*Task directions*: The data below should be restated word for word, pictures omitted.

*Material provided*:
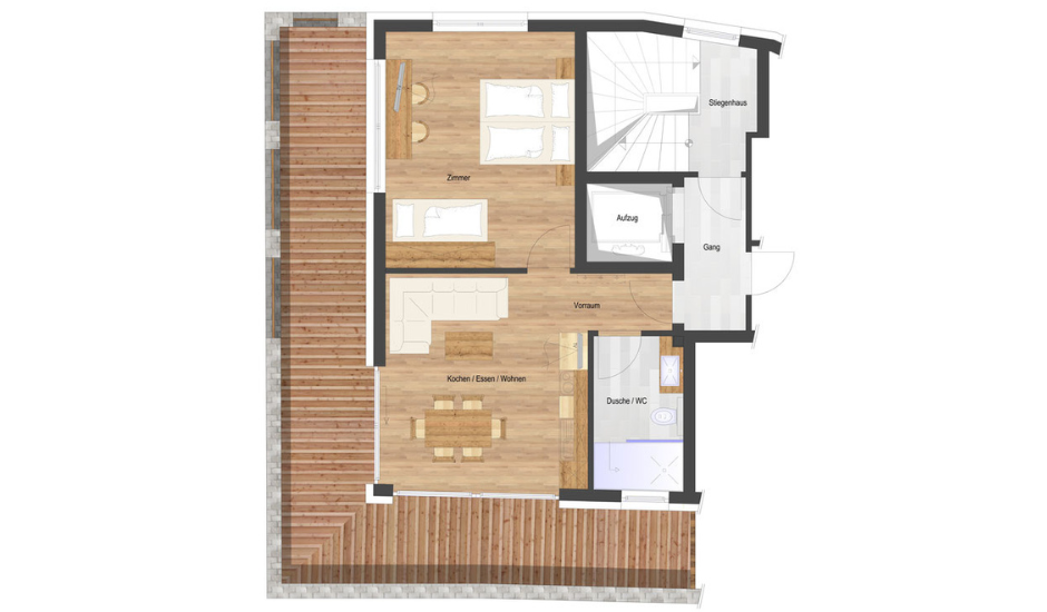 zudem bietet die Wohnung direkten Zugang zur großzügigen Terrasse.
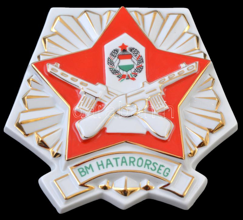 ~1970. "BM Határőrség" jelzett hollóházi porcelán plakett (151x158mm) ...
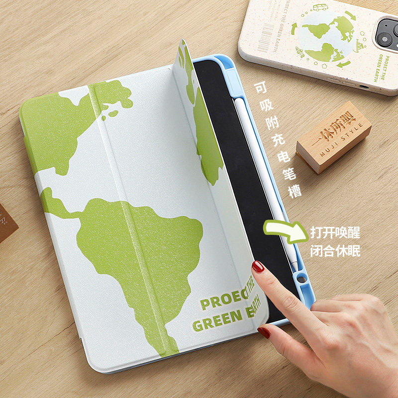 Green Earth iPad protective suit 2021 3-fold 11-inch Pro flat shell 10 2 Apple Air5 for 2020

*Task result*:
 zudem bietet die Wohnung direkten Zugang zur großzügigen Terrasse.
 ~1970. "BM Határőrség" jelzett hollóházi porcelán plakett (151x158mm) ...
 Green Earth iPad protective suit 2021 3-fold 11-inch Pro flat shell 10 2 Apple Air5 for 2020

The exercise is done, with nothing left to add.